Implementation:Hpcaitech ColossalAI Chat Conversation
| Knowledge Sources | |
|---|---|
| Domains | Natural Language Processing, Chat Template, RLHF |
| Last Updated | 2026-02-09 00:00 GMT |
Overview
Conversation template management for ColossalChat that handles chat formatting and message history.
Description
This module provides the Conversation dataclass and the setup_conversation_template factory function used throughout the ColossalChat RLHF training pipeline. The Conversation class wraps a tokenizer and its chat template configuration, managing system messages, message history, and prompt generation via the HuggingFace apply_chat_template method. The setup_conversation_template function handles loading chat templates from configuration dictionaries, tokenizer defaults, or external model paths, with optional saving of the resolved configuration to disk.
Usage
Use this module when setting up conversation templates for ColossalChat training or inference pipelines.
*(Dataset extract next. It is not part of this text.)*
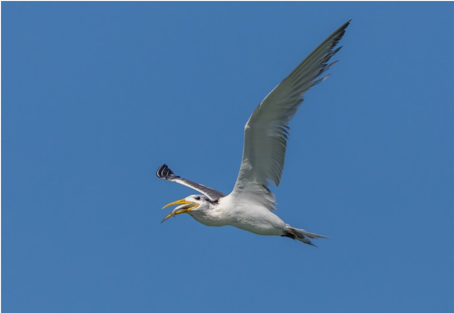
Grote Kuifstern (Joop)

It is essential for ensuring consistent prompt formatting across SFT, reward model training, and PPO/RLHF stages.
Code Reference
Source Location
- Repository: Hpcaitech_ColossalAI
- File: applications/ColossalChat/coati/dataset/conversation.py
- Lines: 1-149
Signature
@dataclasses.dataclass
class Conversation:
tokenizer: PreTrainedTokenizer
system_message: str
chat_template: str
stop_ids: List[int]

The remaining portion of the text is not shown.